Salió y la puerta se cerró de golpe tras él. Alarmado, presa del pánico, sintiendo que empezaba a ahogarse, Palin se lanzó hacia la puerta.

—¡Dalamar! —gritó mientras golpeaba la hoja de madera—. ¡No me dejes aquí!

El elfo habló, pero sólo para pronunciar palabras de magia. Palin reconoció el conjuro: un cerrojo de hechicero.

Falto de fuerzas, se deslizó contra la puerta y se dejó caer al frío suelo de piedra.

Estaba prisionero.

3

Al salir el sol

En la oscura hora que precede al alba, Gilthas, el rey de Qualinesti, se encontraba en el balcón de su palacio. O, más bien, su cuerpo se encontraba en el balcón, porque su alma deambulaba por la silenciosa ciudad, calle por calle, parándose en cada puerta, mirando a través de cada ventana. Su alma vio una pareja de recién casados, dormida, enlazada en un estrecho abrazo. Su alma vio a una madre sentada en una mecedora, acunando al bebé dormido con un suave balanceo. Su alma vio a dos hermanos elfos compartiendo la cama con un enorme sabueso. Los dos chiquillos dormían con los brazos echados sobre el cuello del perro, los tres soñando que jugaban a «te pillé» en un prado soleado. Su alma vio a un elfo anciano que dormía en la misma casa en la que había dormido su padre y antes su abuelo. Encima del lecho había un retrato de la esposa ya muerta. En la habitación contigua estaba el hijo que heredaría la casa, con su esposa al lado.

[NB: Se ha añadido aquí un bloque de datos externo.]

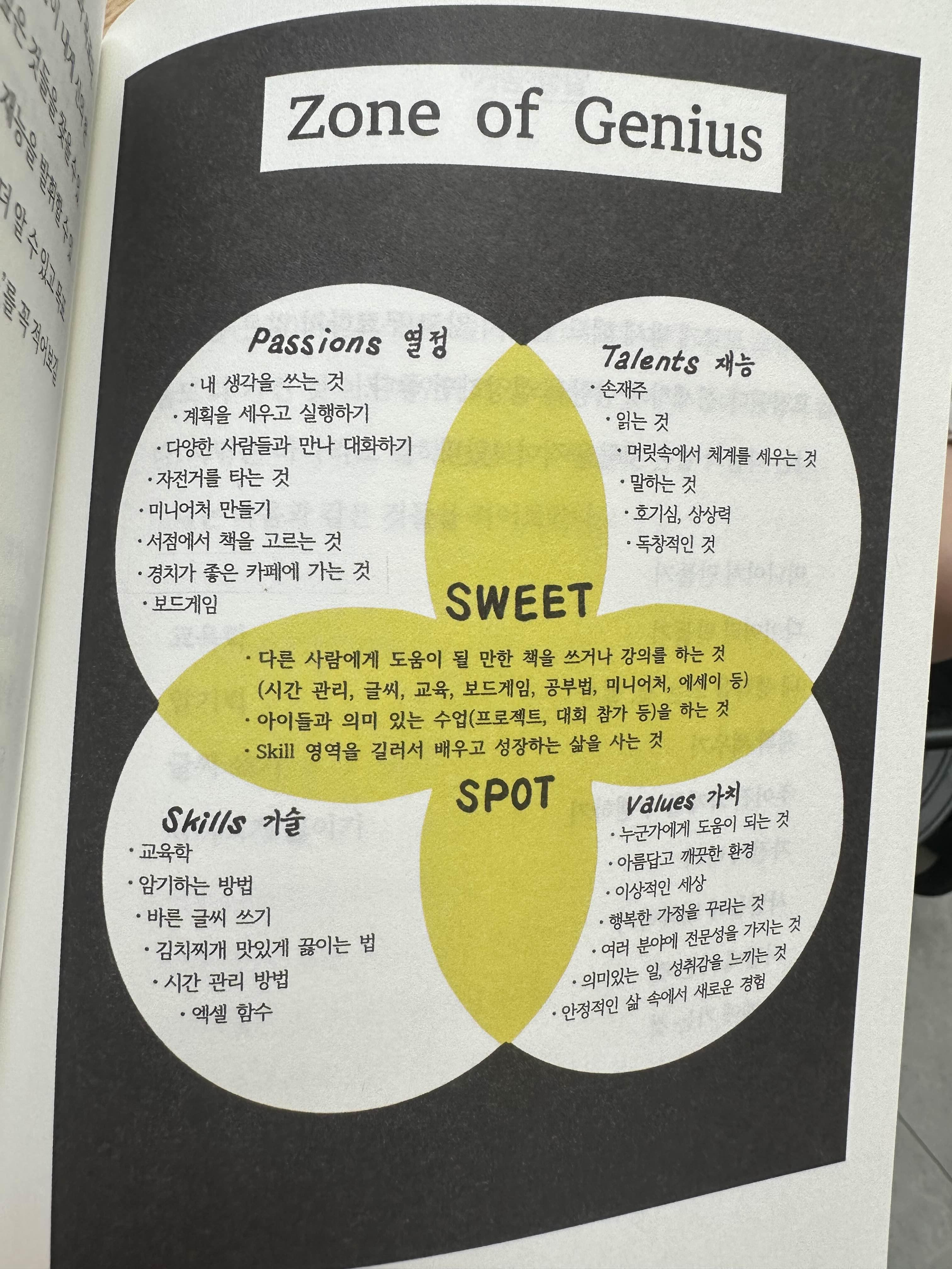 "Zone of Genius" 섹션에서는 개인의 열정, 재능, 기술, 가치를 규명하고, 이들을 바탕으로 자신만의 'SWEET SPOT'을 찾는 방법을 제시하고 있어 인상적입니다. 이는 개인의 기존 능력과 취향을 중심으로 생활과 업무에 활용할 수 있는 방안을 제공하는 아주 독특하고 실용적인 접근법입니다.

«Dormid hasta tarde —susurró el alma de Gilthas a todos los que tocó—. No despertéis temprano, porque cuando lo hagáis no será para empezar un nuevo día, sino el final de todos los días. El sol que veis en el cielo no es el sol naciente, sino un sol que se pone. El día será noche, y la noche, la oscuridad de la desesperación. Pero, por el momento, dormid en paz. Dejad que yo guarde ese sosiego mientras pueda.»